Everyone talks about this emotional moment the first time you hear the heartbeat. But neither of us had it. Are we broken? I don’t think so. Honestly, there was so much anxiety going in to this appointment, I think we both were completely confident we were going to hear “twins,” and then we didn’t and that’s pretty much all we could focus on. So while I was completely impressed with the fact that this minute being had a heartbeat and thought it was beautiful to hear it, my head was elsewhere.

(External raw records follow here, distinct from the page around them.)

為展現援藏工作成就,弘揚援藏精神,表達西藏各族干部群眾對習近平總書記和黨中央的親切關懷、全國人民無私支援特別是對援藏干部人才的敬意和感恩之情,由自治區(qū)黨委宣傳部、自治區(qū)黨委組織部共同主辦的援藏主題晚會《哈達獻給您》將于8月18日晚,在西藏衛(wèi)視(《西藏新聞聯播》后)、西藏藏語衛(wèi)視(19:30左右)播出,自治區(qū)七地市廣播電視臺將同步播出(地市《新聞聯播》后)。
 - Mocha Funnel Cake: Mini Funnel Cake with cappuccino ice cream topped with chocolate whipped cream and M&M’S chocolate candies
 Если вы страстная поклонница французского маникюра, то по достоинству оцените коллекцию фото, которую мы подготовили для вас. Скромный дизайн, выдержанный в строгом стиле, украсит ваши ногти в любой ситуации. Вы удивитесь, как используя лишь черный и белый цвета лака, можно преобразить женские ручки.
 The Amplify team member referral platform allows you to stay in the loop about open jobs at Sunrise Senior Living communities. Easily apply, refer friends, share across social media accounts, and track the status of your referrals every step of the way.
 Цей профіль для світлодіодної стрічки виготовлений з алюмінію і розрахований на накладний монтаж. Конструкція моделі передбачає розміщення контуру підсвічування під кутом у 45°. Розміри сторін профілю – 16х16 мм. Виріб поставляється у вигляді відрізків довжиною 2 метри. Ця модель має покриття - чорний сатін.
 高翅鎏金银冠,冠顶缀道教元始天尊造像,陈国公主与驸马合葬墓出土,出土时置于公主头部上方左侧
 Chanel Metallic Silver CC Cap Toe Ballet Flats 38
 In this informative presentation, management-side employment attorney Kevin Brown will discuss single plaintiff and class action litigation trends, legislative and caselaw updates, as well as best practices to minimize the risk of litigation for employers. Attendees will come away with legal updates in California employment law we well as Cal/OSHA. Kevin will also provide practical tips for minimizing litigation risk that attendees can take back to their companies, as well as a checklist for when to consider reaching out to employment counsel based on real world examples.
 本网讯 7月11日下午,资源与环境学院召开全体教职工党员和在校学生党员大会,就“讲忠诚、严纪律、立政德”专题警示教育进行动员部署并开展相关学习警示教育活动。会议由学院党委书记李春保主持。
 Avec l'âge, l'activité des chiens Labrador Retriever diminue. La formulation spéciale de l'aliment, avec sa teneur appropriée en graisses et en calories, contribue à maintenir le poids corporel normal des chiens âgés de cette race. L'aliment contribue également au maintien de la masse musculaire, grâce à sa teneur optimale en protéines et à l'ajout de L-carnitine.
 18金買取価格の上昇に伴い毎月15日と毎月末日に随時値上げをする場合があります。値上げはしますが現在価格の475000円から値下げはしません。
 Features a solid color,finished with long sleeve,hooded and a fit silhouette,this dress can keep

Dr. T said our pregnancy is on track so far and looks healthy and viable. YAY!!!

We scheduled a follow-up sonogram for two weeks from now and left with a few tiny sonogram pics.

Shelton and I had a little embrace outside and assured one another we were OK. I dropped him off at work and as soon as I put the car in reverse I started sobbing. I felt like I’d lost something I’d never had. And the harder I cried over not having a second baby, the more I’d cry for feeling guilty that I wasn’t acting grateful for the one I do have. What a friggin’ mess! It was just this adrenaline crash and overwhelming bittersweet feeling. We’re disappointed. And thrilled. All at the same time. Part of me feels like I’d feel like this if I’d heard twins, too.

I’m over the moon that we have a healthy baby, and a healthy pregnancy. This baby is going to make us parents and change our lives in ways we can’t even see yet.

IVF Shots Day 17 – Stim Day 8

Sunday, August 30th, 2009

I’m pretty miserable folks. Pain is just radiating out of my right ovary into my stomach, back and everywhere in between. It hurts to walk. It hurts to sit. It hurts to use the little girl’s room. And according to the ultrasound I had this morning this makes sense because my right ovary is doing all the work and left ovary is barely doing its fair share. As I explained yesterday, my ovary is about 2-3 times its normal size, which would be painful all by itself, but then it’s surrounded by several eggs. My guess is at least ten now.

My appointment went well this morning, just in and out. My afternoon call from “M” said that my estrogen is now around 1600. I have another appointment in the morning and then I’m guessing we’ll figure out a plan for the retrieval. It will be Sunday or Monday.

I’m tired, I have a headache, I’m crabby and I’m sore. That’s pretty much the gist of today’s events.